2021-12-25 게시 됨2021-12-24 업데이트 됨python / machineLeaning6분안에 읽기 (약 851 단어)

DTS: ML_Grid search(Hyper Parameter)

§ 이전 posting

ML pipeLine 검증 곡선 그리기

ML 그리드 서치
- grid search를 이용한 파이프라인(pipeLine) 설계및
  하이퍼 파라미터 튜닝(hyper parameter)
- 그리드 서치와 랜덤 서치가 있다.
  - 랜덤 서치로 먼저 뽑아 낸 후 그리드 서치를 이용하여 안정적으로 서치 !
나도 공부 하기 싫으닌까 그냥
남 이 하는거 따라 쓰고 싶다.

남 : Kaggle competition

import pandas as pd 
from sklearn.preprocessing import LabelEncoder
from sklearn.model_selection import train_test_split
import numpy as np
from sklearn.model_selection import StratifiedKFold
from sklearn.linear_model import LogisticRegression
from sklearn.pipeline import make_pipeline
from sklearn.preprocessing import StandardScaler
from sklearn.decomposition import PCA
import matplotlib.pyplot as plt 
from sklearn.model_selection import learning_curve
from sklearn.model_selection import validation_curve
from sklearn.tree import DecisionTreeClassifier
from sklearn.model_selection import GridSearchCV 
from sklearn.svm import SVC 

data_url = 'https://archive.ics.uci.edu/ml/machine-learning-databases/breast-cancer-wisconsin/wdbc.data'
column_name = ['id', 'diagnosis', 'radius_mean', 'texture_mean', 'perimeter_mean', 'area_mean', 'smoothness_mean', 'compactness_mean', 'concavity_mean', 
               'concave points_mean', 'symmetry_mean', 'fractal_dimension_mean', 'radius_se', 'texture_se', 'perimeter_se', 'area_se', 'smoothness_se', 
               'compactness_se', 'concavity_se', 'concave points_se', 'symmetry_se', 'fractal_dimension_se', 'radius_worst', 'texture_worst', 'perimeter_worst', 
               'area_worst', 'smoothness_worst', 'compactness_worst', 'concavity_worst', 'concave points_worst', 'symmetry_worst', 'fractal_dimension_worst']

df = pd.read_csv(data_url, names=column_name)

X = df.loc[:, "radius_mean":].values
y = df.loc[:, "diagnosis"].values

le = LabelEncoder()
y = le.fit_transform(y)

X_train, X_test, y_train, y_test = train_test_split(X, y, test_size = 0.20, 
                                                    # stratify = y, 
                                                    random_state=1)
kfold = StratifiedKFold(n_splits = 10, random_state=1, shuffle=True)

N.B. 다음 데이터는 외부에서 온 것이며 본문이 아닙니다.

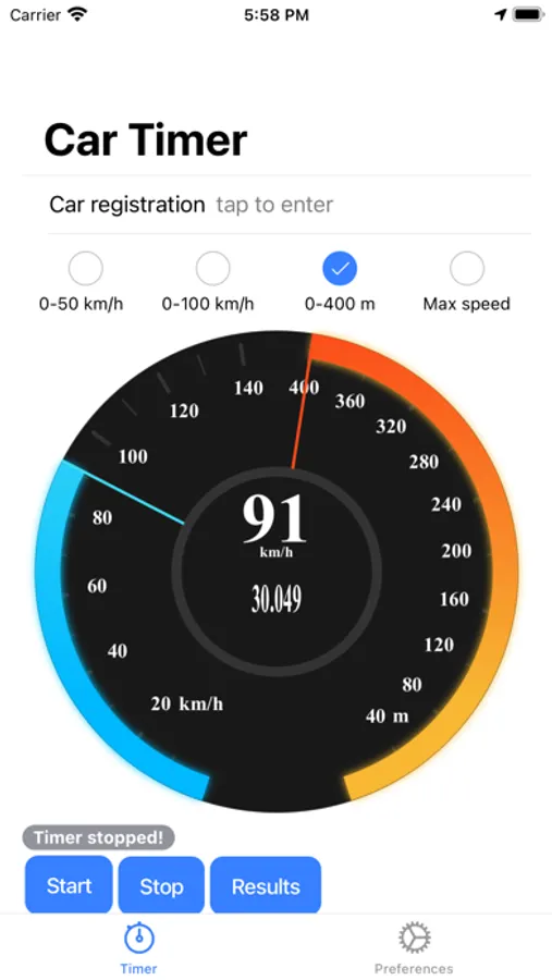 Car Timer was built to help you time the acceleration and the top speed of your car.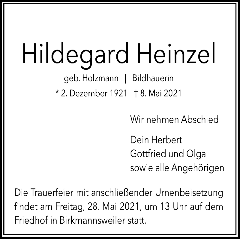Hier finden Sie alle Traueranzeigen aus der Zeitung, die bisher für Hildegard Heinzel erschienen sind. Weitere Traueranzeigen, die in der Zeitung erscheinen, werden hier ebenfalls aufgelistet
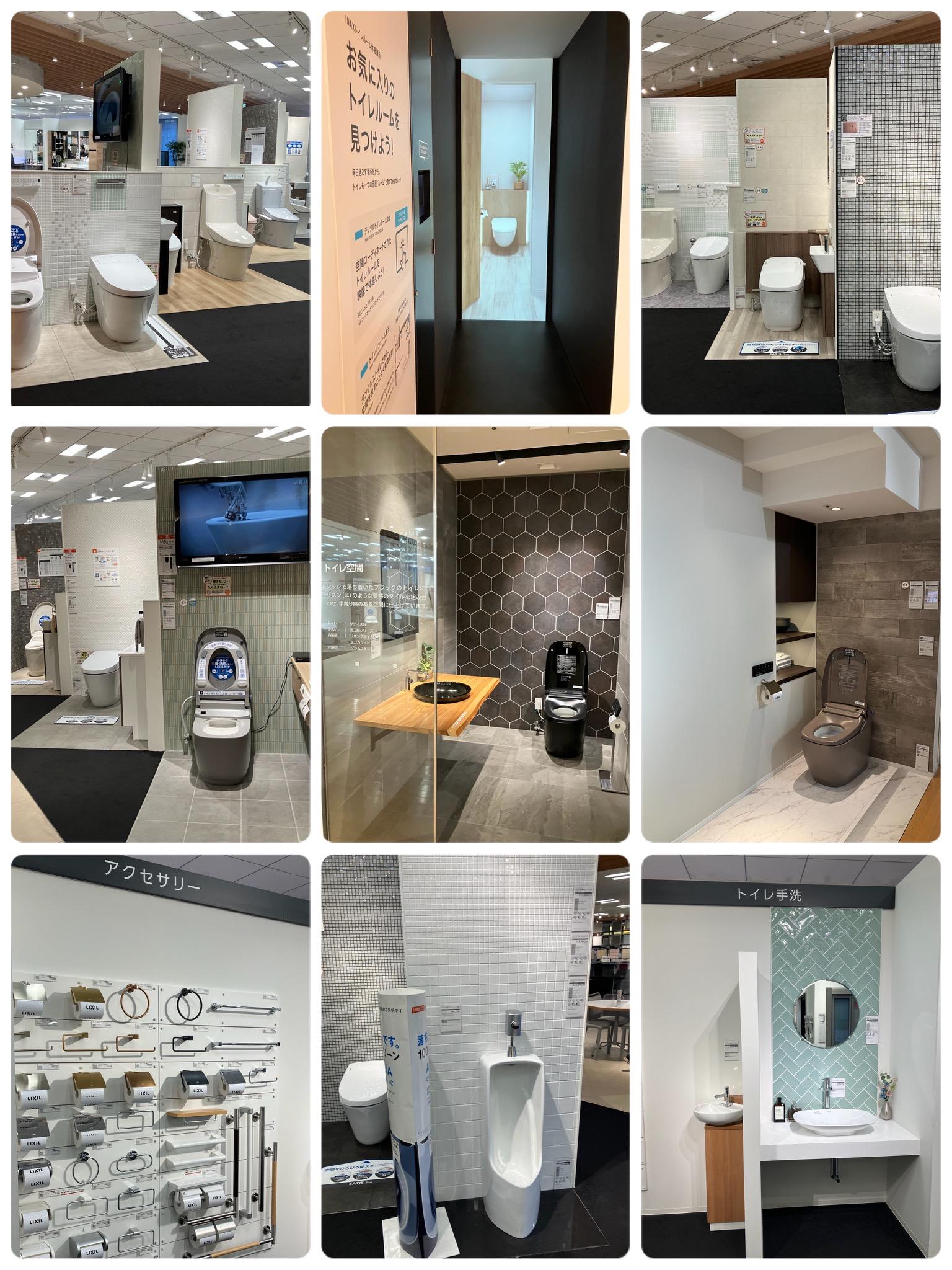 トイレは便器のカラーもたくさんあり、トイレ手洗いもいろいろ展示してありました☆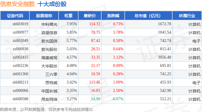 证券之星消息,10月29日,信息安全(399994)指数报收于1958.4点,涨1.07%,成交556.84亿元,换手率3.18%。当日该指数成份股中,上涨的有39家,国盾量子以11.09%的涨幅领涨,下跌的有24家,佳缘科技以13.29%的跌幅领跌。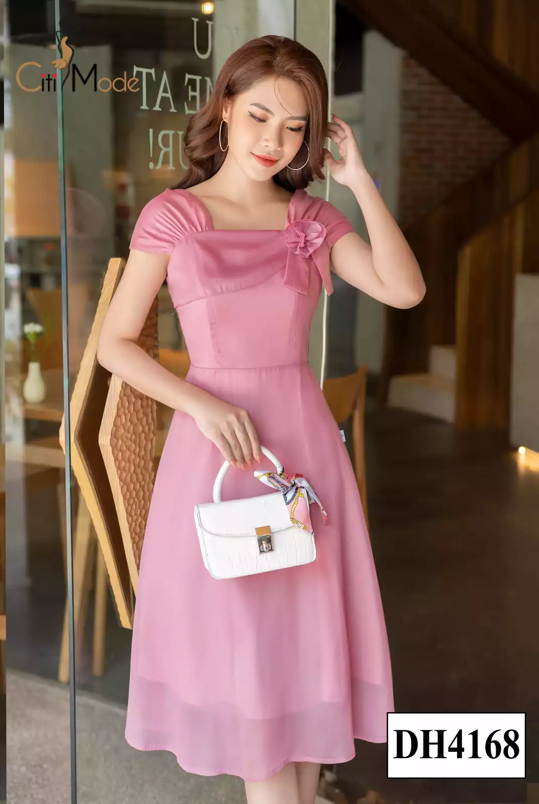 Đầm xòe tơ hồng tím đính hoa ngực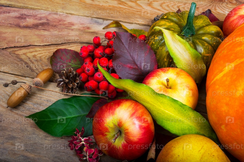 Урожай фон с яблоками, ягодами рябины, зеленым сквошем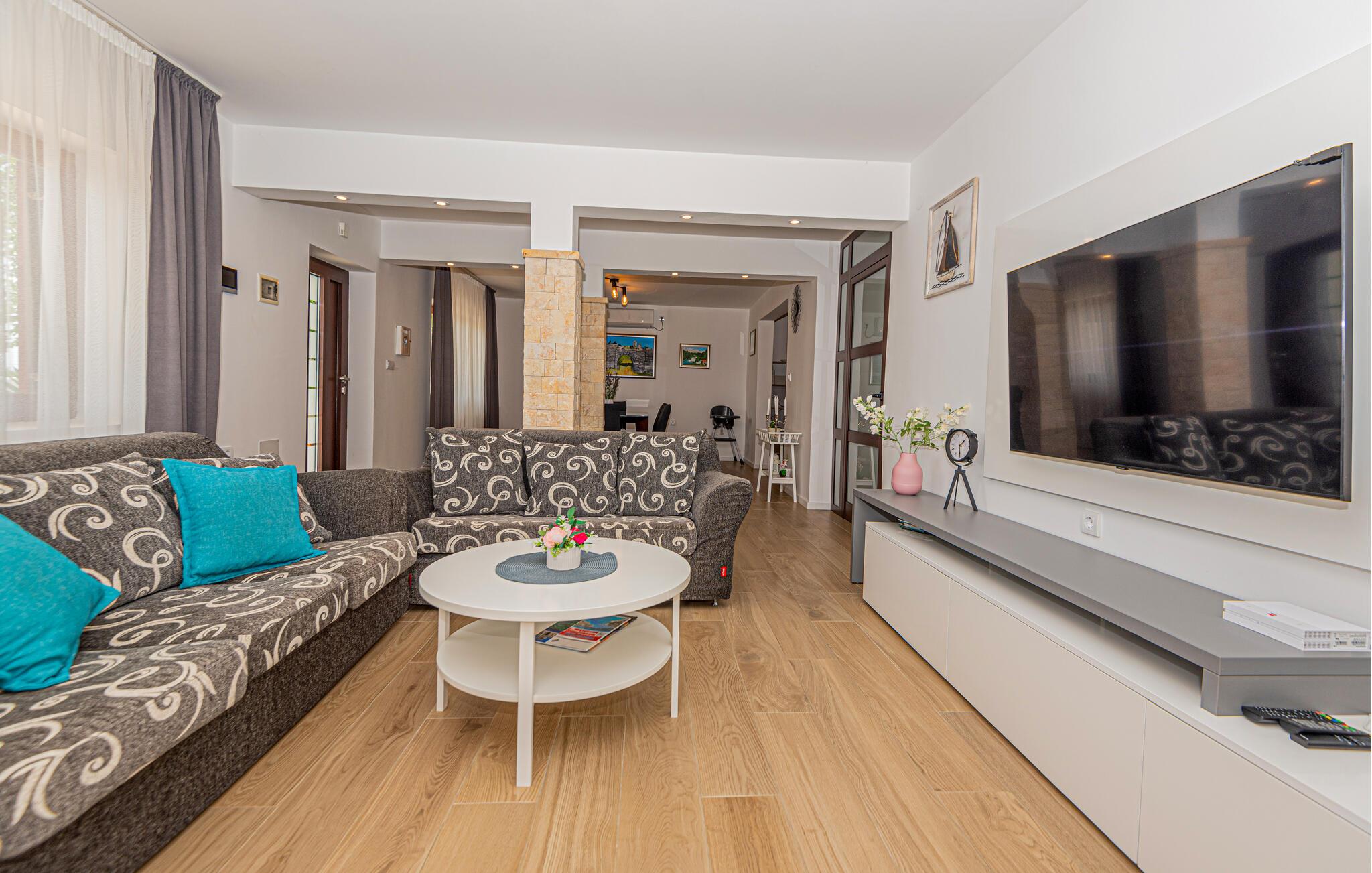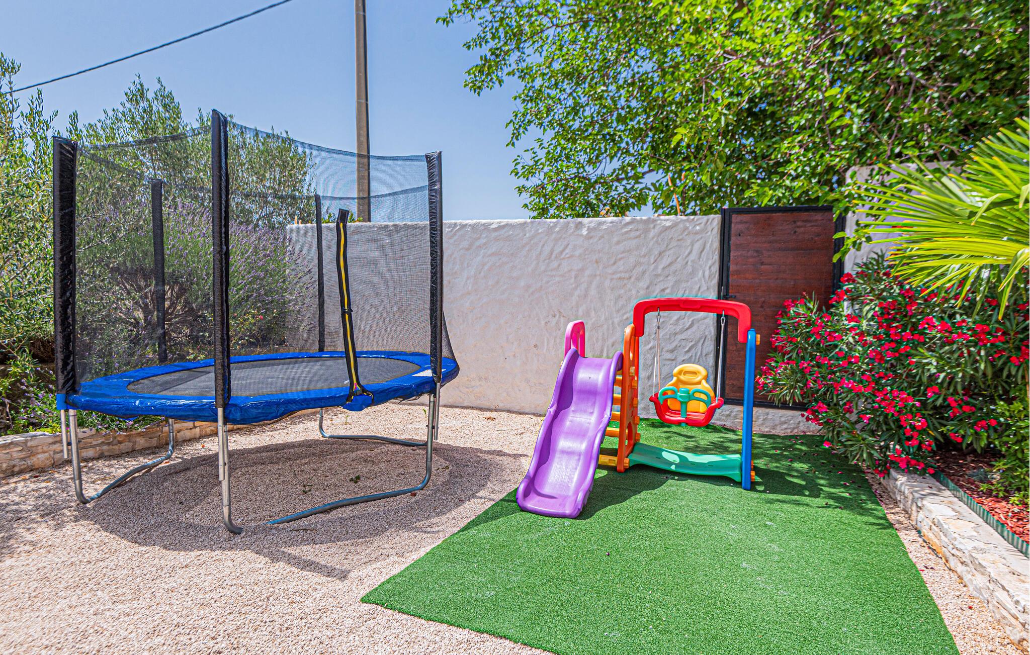 Nyd solen ude i det smukke poolområde, slap af på liggestolene eller tag en dukkert i den udendørs pool. I mellemtiden kan børnene lege og være aktive med deres kæledyr på den store ejendom. Om aftenen inviterer terrasserne med havemøbler jer til at holde hyggelige grillmiddage sammen med familie eller venner.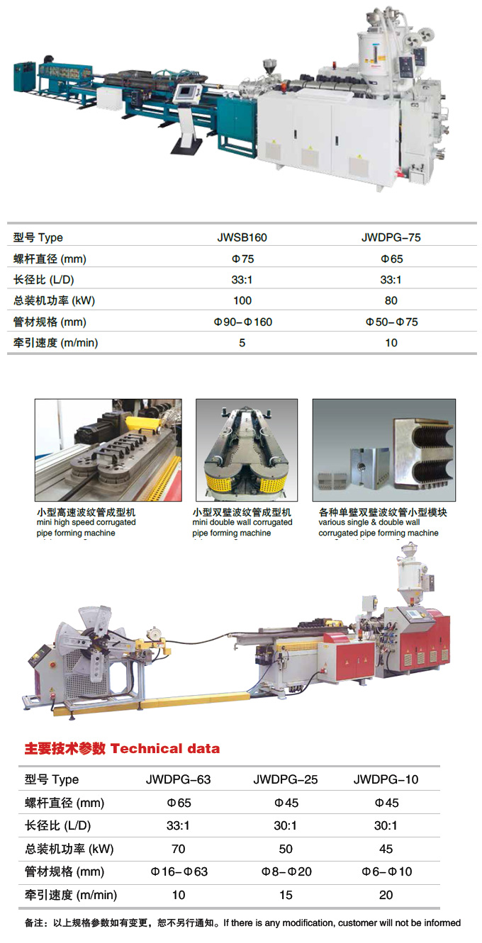 單壁、雙壁波紋管生產(chǎn)線 性能和優(yōu)點: 該設備生產(chǎn)出的管材,耐高溫,耐腐蝕,耐磨損,強度高。用于電氣穿線管、汽車 穿線管、護套管、機床產(chǎn)品、包裝食品機械、電力機車、工程安裝、燈具、自動化儀器儀表等領 域,市場需求大。金緯公司特殊螺桿、模具的結構設計合理,更換模具方便可靠,解決了螺桿機 筒易磨損及物料成形難的問題,生產(chǎn)線速度快,運行穩(wěn)定,控制簡捷易操作。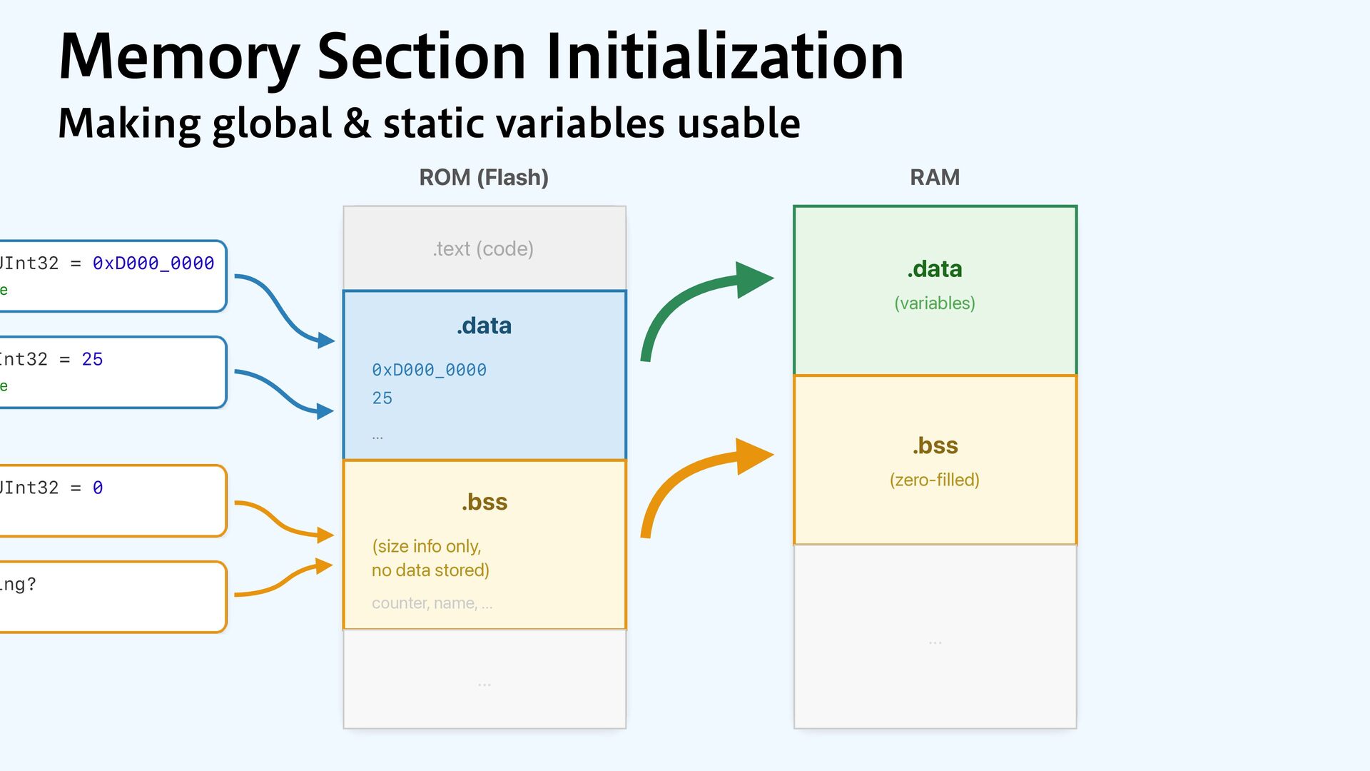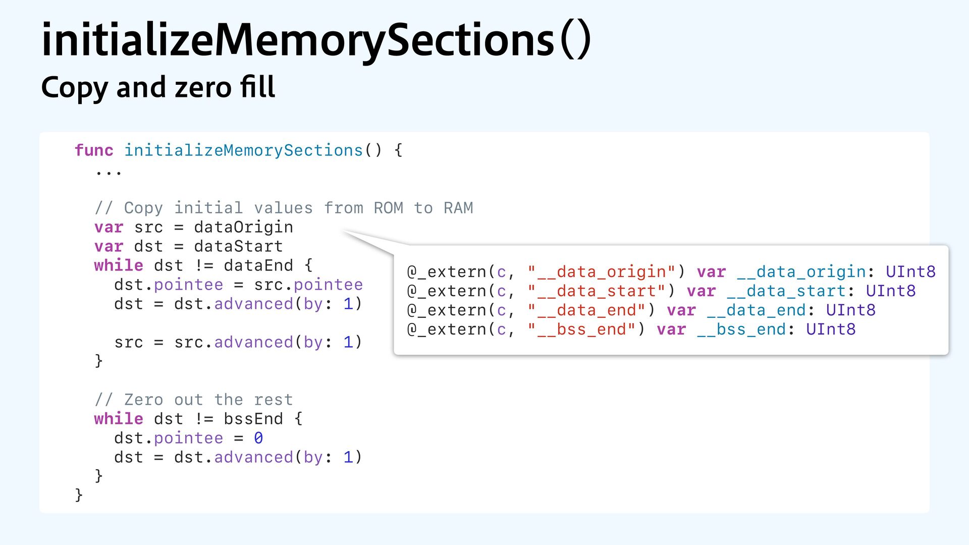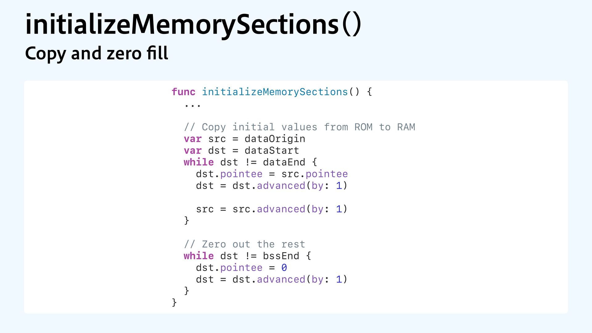 to RAM var src = dataOrigin var dst = dataStart while dst != dataEnd { dst.pointee = src.pointee dst = dst.advanced(by: 1) src = src.advanced(by: 1) } // Zero out the rest while dst != bssEnd { dst.pointee = 0 dst = dst.advanced(by: 1) } } JOJUJBMJ[F.FNPSZ4FDUJPOT $PQZBOE[FSP fi MM

pipe_tree = make_pipeline(StandardScaler(), 
                          PCA(n_components=2), 
                          DecisionTreeClassifier(random_state=1))

# 이 Line이 핵쉼 !!

# estimator.get_params().keys()
# pipe_tree.get_params().keys() ---> 이렇게 씀. 

print(pipe_tree.get_params().keys())
param_grid = [{"decisiontreeclassifier__max_depth": [1, 2, 3, 4, 5, 6, 7, None]}]

gs = GridSearchCV(estimator = pipe_tree, 
                  param_grid = param_grid, 
                  scoring="accuracy", 
                  cv = kfold)

gs = gs.fit(X_train, y_train)
print(gs.best_score_)
print(gs.best_params_)

clf = gs.best_estimator_
# 자동으로 제일 좋은 것을 뽑아서 알려줌.
clf.fit(X_train, y_train) 
print("테스트 정확도:", clf.score(X_test, y_test))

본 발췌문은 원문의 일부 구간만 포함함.